Potential Initialization Time: 1 sec 95 msec 165 usec 515 nsec

Particles Initialization Time: 0 sec 0 msec 354 usec 373 nsec

Total Simulation Initialization Time: 1 sec 95 msec 165 usec 515 nsec


--------------------------- Equilibration ----------------------------


Equilibration Time: 0 hrs 1 min 35 sec


----------------------------- Production -----------------------------


Production Time: 0 hrs 3 min 30 sec

Total Time: 0 hrs 5 min 6 sec

Postprocessing#

Now that our simulation is complete we need to check if the simulation was physically sound.
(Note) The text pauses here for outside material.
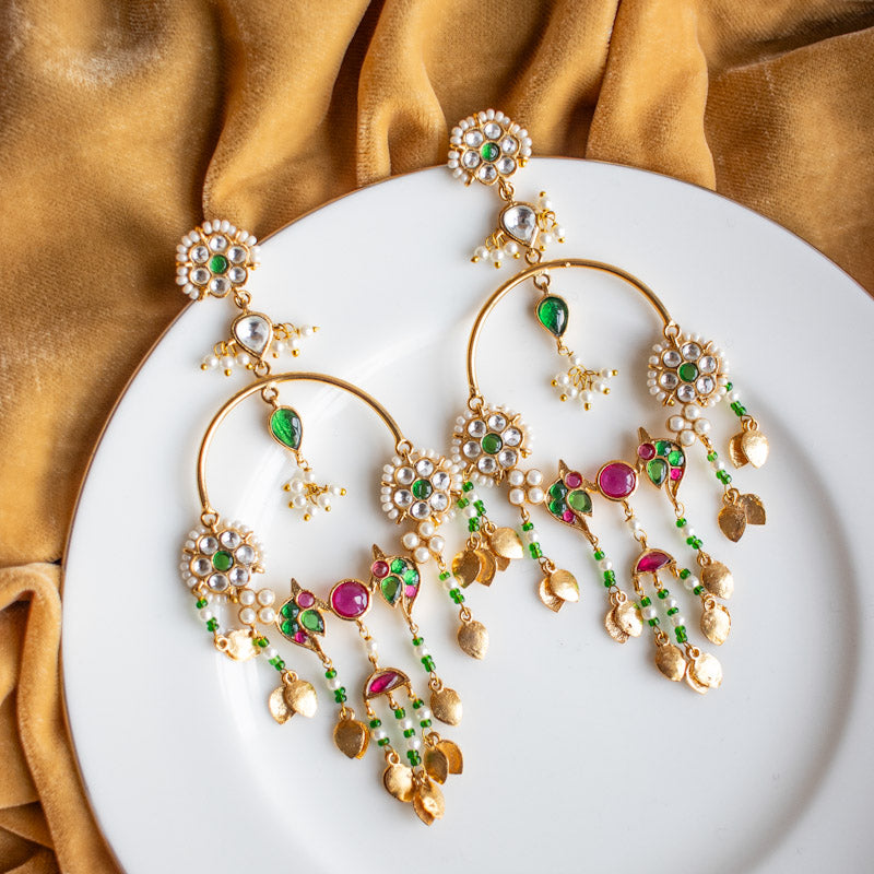 Handcrafted earrings in copper with coloured stones and polki stones and pearls

Run the following three lines will initialize the PostProcess class and calculate the observables defined in the input file.

It will also produce a plot of the Temperature and Total Energy of the Production phase.

[3]:
# Initialize the Postprocessing class
postproc = PostProcess(input_file_name)
# Read the simulation's parameters and assign attributes
postproc.setup(read_yaml=True)
# Calculate observables
postproc.run()



* * * * * * * * * * * * * * * * * * * * * * * * * * * * * * * * * * * * * * * * * * * * * * * * * *
                                 Postprocessing
* * * * * * * * * * * * * * * * * * * * * * * * * * * * * * * * * * * * * * * * * * * * * * * * * *

Job ID:  yocp_quickstart
Job directory:  Simulations/yocp_quickstart
PostProcessing directory:
 Simulations/yocp_quickstart/PostProcessing

Equilibration dumps directory:  Simulations/yocp_quickstart/Simulation/Equilibration/dumps
Production dumps directory:
 Simulations/yocp_quickstart/Simulation/Production/dumps

Equilibration Thermodynamics file:
 Simulations/yocp_quickstart/Simulation/Equilibration/EquilibrationEnergy_yocp_quickstart.csv
Production Thermodynamics file:
 Simulations/yocp_quickstart/Simulation/Production/ProductionEnergy_yocp_quickstart.csv


==================== Radial Distribution Function ====================

Data saved in:
 Simulations/yocp_quickstart/PostProcessing/RadialDistributionFunction/Production/RadialDistributionFunction_yocp_quickstart.h5
Data accessible at: self.ra_values, self.dataframe

No. bins = 250
dr = 0.0187 a_ws = 2.4000e-10 [cm]
Maximum Distance (i.e. potential.rc)= 4.6852 a_ws = 6.0000e-08 [cm]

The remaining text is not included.